Convergence improves customer service, survey indicates

Improved customer service – and not lower cost of telephony – is now the top driver for companies shifting to converged IP communications networks, according to a recent survey released by the Economist Intelligence Unit (EIU).

Seventy-three per cent of survey respondents cited better collaboration with customers, suppliers and partners as an important benefit from convergence. Reduced cost of voice calls ranked second, with 60 per cent citing this as a primary benefit, the report said.

“This result marks an important shift in the emphasis of network convergence projects from cost-cutting to value-creation,” said the report titled, Competing through Convergence.

Convergence enables the delivery of voice, data and video over a single IP network. EIU surveyed 236 executives – including 77 CEOs – from Asia Pacific, North America, Europe, Latin America, the Middle East and Africa. Senior executives from 35 Canadian companies participated in the survey, commissioned by Bedminster, New Jersey-based AT&T Corp.

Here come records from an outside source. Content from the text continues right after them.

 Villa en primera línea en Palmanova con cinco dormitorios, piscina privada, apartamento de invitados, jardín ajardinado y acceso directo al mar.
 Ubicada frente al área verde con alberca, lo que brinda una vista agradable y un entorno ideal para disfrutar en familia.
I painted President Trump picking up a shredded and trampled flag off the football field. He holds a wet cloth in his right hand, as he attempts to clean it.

Forty-five per cent of global respondents said convergence is critical to achieving strategic IT and business objectives. Only four per cent view convergence as unimportant, the report said.

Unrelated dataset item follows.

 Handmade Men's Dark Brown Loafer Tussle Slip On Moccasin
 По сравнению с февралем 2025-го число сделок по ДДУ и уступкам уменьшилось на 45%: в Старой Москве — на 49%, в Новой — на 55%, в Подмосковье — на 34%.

“Lowering capital and operational expenditures, while no doubt important, are secondary benefits of convergence,” said Richard Blacklock, director of business strategy and development, AT&T.

Twenty per cent of respondents reported they have deployed converged IP platforms throughout most, if not all, of their organization. The survey also indicated IP deployment will increase to 60 per cent by 2008.

Canadian companies, however, are showing more enthusiasm, with 62 per cent saying they have plans to deploy IP networks throughout all or most of their organization, the report said.

Currently, only 20 per cent of Canadian respondents said they have implemented IP networks in their company. This is less than the global average of 25 per cent.

“Network convergence should be more focused with how enterprises can create the next generation of services that will enable their customers or partners to increase value. This is really about services transformation and the network is the means for achieving that goal,” said Blacklock.

However, he said, to realize the full benefits of a global IP infrastructure enterprise systems and business processes should be upgraded or modified.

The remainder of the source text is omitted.